I've been working with PC's since the first Pentium, before windows 95, at home and at work. Work is one thing, you get paid (hopefully). At home, it should be different because don't get paid. Unfortunately, that doesn't make any difference to Bill Gates. It seems he would like us all to work for him at home, too (as unpaid product developers)! I've seen it with all the windows products, and even now, I see no signs of change.
In my opinion, Apple makes good hardware. The value of a 17in Macbook Pro should not, however, be limited to just a hardware comparison, it's the software it runs as well. One needs to consider the price and the utility of the applications they will be running as well.
Oh, granted, you can put an open-source OS on that Toshiba, I had a dual-boot Linux-Vista system since the first year I bought it. Still doesn't work like Leopard, though. I'll take Safari over IE6,7,or 8, Firefox, or Opera, too.
Microsoft Office? Expensive! You can put Sun Microsystems Open Office.org on your PC. It works a lot like Microsoft Office, and it's free. It's not as easy to use as Apple's IWork, though.
The point is, how are you going to compare a Macbook to a Dell or a Toshiba?
Even running the latest Linux they still won't be as "polished", as integrated as Leopard. Yeah, they'll be better than Vista, and if you want a hobby, they might be OK, but for 99% of the stuff I do on a computer, there is no comparison.
Only if Apple releases OS X for PC's like they have Safari (not a hackintosh) would you really be able to make such a comparison.
I do believe...
Another AC and Rod proved my point entirely.
@AC - leave poor Rod alone
People normally type straight out and then post it. It's a post to an article not a 'kin essay. Jings. Plus the youngsters weren't beaten when they got there grammar wrong like you were.

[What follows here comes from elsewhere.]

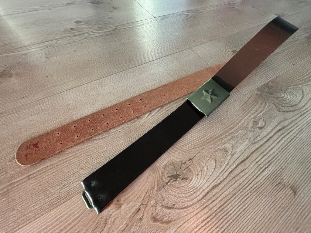 Prodám kvalitní vojenské opasky, řemeny vzor 60. Jsou úplně jako nové, nepoužívané, kůže je stále pružná, poddajná a krásná. Opasky jsou velmi kvalitní doplněk, určitě znáte z vojny, lze na ně přidat kožené posuvky (také v nabídce) nebo na ně cokoli zavěsit. Pro „veterány z vojny“ skvělý a praktický vánoční dárek. Dostupné délky: 90 cm – 250 kč 100 cm – 250 kč 110 cm – 375 kč 120 cm – 750 kč Posuvka – 25 kč / ks Uvedená cena je včetně přezky s hvězdou! V případě zájmu mě prosím kontaktujte soukromou zprávou. Mám k dispozici více kusů. V případě zájmu mě neváhejte kontaktovat telefonicky (PŘEDVOLBA +421 !!!!) nebo zprávou.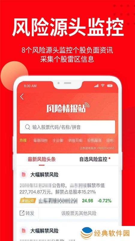 3、风险源头监控,8个风险源头监控个股负面资讯采集个股雷区信息;

There is a market for this.
That's pretty much it, and it's a big market, ask any photographer, designer, animator, flimmaker, etc.
A lot of the industry is freelance and people are often paid more for being able to use their own hardware, and prefer using their own rig anyway, so whatever they use needs to be powerful and portable, with firewire for camcorder input.
Pricing in this market depends on how much money the gear will save you... I personally spend £1500 on a cintiq graphics tablet and it's genuinely saved me more than that in wages over the last year or so in terms of time saved = money earnt.
Can't see why anyone would want to buy this for non-professional reasons or even just for showing off... the air fills that niche better.
"The lowest price I could get was 900 quid _with_ a educational discount".
Noticing the poor grammar all the way through your post, I suggest you try obtaining an education first.